Como programadores Java, ouvimos falar todo dia na tal Orientação a Objetos. Se você já
frequentou uma faculdade, certamente teve aulas teóricas e práticas sobre estes conceitos. Se
estamos tão cercados de objetos por todos os lados neste ramo, porque não sentimos tanto as
vantagens que este paradigma afirma ter?

Um dos motivos é porque a grande maioria dos sistemas desenvolvidos em Java não
são orientados a objetos de verdade. Geralmente aprendemos a programar primeiro de
maneira estruturada, pensando em funções que manipulam estruturas de dados, e não é fácil
para pensarmos de uma maneira completamente diferente como OO precisa.

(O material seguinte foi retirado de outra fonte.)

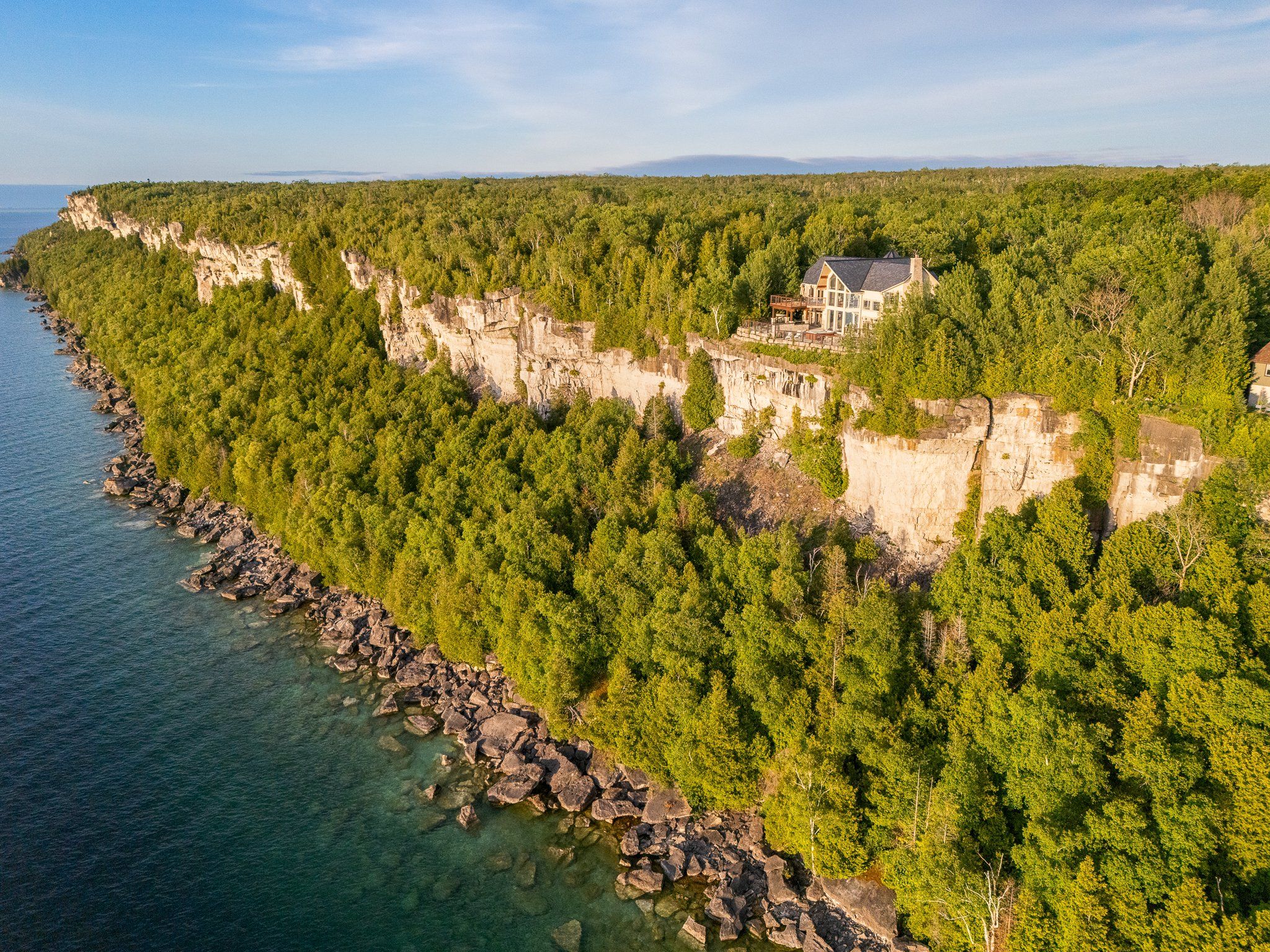 The peninsula perch is a 6,418 sq ft cliffside masterpiece perched 300 ft above the turquoise waters of georgian bay, offering nearly 4 km of uninterrupted northwest-facing views and world-class sunsets over whippoorwill bay. This architectural feat features r45 icf construction from foundation to trusses, topped with a timeless slate roof and a concrete driveway leading to a triple-car garage with heated floors and ev charger rough-in. Inside, the great room boasts soaring 33-ft ceilings anchored by solid marble pillars and a grand fireplace with a custom marble mantle, while the mezzanine sitting area and primary bedroom balcony offer a front-row seat to the escarpment. The professional chef's kitchen is equipped with a large island induction cooktop with a pop-up air vent, a walk-in pantry, four sub-zero fridge/freezer units, two dishwashers, and an ice maker. Designed for comfort and efficiency, the home features radiant heated floors throughout and the convenience of primary bedroom laundry. The outdoor living space is a maintenance-free oasis with a covered porch, large hot tub, and high-end astroturf grounds, all situated in a designated dark sky community just 30 minutes from the 5,000-ft runway at wiarton keppel international airport.

Neste breve artigo vamos dar uma olhada em como podemos identificar um código com
características procedurais e como podemos converter nossa lógica em algo mais fortemente
Orientado a Objetos.

Como Identificar Código Procedural


Código procedural tem características bem específicas. Ao pensar de maneira estruturada, nós
enxergamos o mundo (ou pelo menos o mundo do ponto de vista da nossa aplicação) como
um conjunto de estruturas de dados que são manipuladas por funções.
Numa linguagem procedural como C ou Pascal, isso seria representado com um struct ou um
register sendo manipulado por funções ou procedimentos. E em Java, como alguém consegue
escrever um programa Procedural?
A primeira pista é olhar a documentação do sistema. Se o sistema começou a ser pensado pelo
banco de dados, começou procedural. Num sistema Orientado a Objetos você deveria se
preocupar em primeiro lugar com como os objetos se relacionam e qual seu comportamento,
não em qual tabela vai ficar o nome do usuário!
Passando da documentação, vamos olhar o código. Neste tipo de sistema são comuns classes
como essa:
public class Aluguel {
private Collection<Dvd> filmes = new ArrayList<Dvd>();
private Cliente cliente = null;
private BigDecimal precoTotal = null;

public BigDecimal getPrecoTotal() {


return precoTotal;
}

public void setPrecoTotal(BigDecimal precoTotal) {


this.precoTotal = precoTotal;
}

public Cliente getCliente() {


return cliente;

Fragmental Tecnologia da Informação LTDA – CNPJ: 07.708.661/0001-15 - http://www.fragmental.com.br


}

public void setCliente(Cliente cliente) {


this.cliente = cliente;
}

public Collection<Dvd> getFilmes() {


return filmes;
}

public void setFilmes(Collection<Dvd> filmes) {


this.filmes = filmes;
}
}
O que é essa classe se não uma estrutura de dados? Ela não possui inteligência nenhuma,
poderia ser convertida numa struct C ou num register Pascal sem muitos problemas...
E quem manipula a estrutura? Temos uma classe cujos métodos fazem isso. Este tipo de
classe também é chamado de “classe de lógica” por algumas pessoas, mesmo a Orientação a
Objetos presumindo que você coloque dados e lógica em uma unidade só (os tais objetos!). No
nosso exemplo poderíamos ter:
public class GerenciadorLocadora {
public Aluguel alugarDvd(Cliente cliente, Collection<Dvd> filmes) {
Aluguel novoAluguel = new Aluguel();
novoAluguel.setCliente(cliente);
BigDecimal precoTotal = new BigDecimal("0");
for (Dvd dvd : filmes) {
novoAluguel.getFilmes().add(dvd);
precoTotal.add(dvd.getPreco());
}
novoAluguel.setPrecoTotal(precoTotal);
return novoAluguel;
}
}
E então temos um método que manipula completamente nossa estrutura de dados. Se você
não está propositalmente criando uma aplicação Procedural (mesmo neste caso é importante
ler sobre Programação Procedural e suas boas práticas), deve corrigir alguns problemas.
Neste esquema é possível que um objeto da classe Aluguel seja criado e utilizado sem ter um
cliente . Como verificar o estado deste objeto? Todos os seus objetos vão precisar saber que
Aluguel precisa de Cliente, uma repetição de código sem fim.
Um dos grandes problemas neste exemplo em específico é o preço total do aluguel. Como a
classe não possui qualquer inteligência, vamos ter que sempre confiar que quem a utilizar
atualize o preço corretamente. Imagine quanto prejuízo pode causar um método que adiciona
um DVD e esquece de aumentar o preço, ou vice-versa?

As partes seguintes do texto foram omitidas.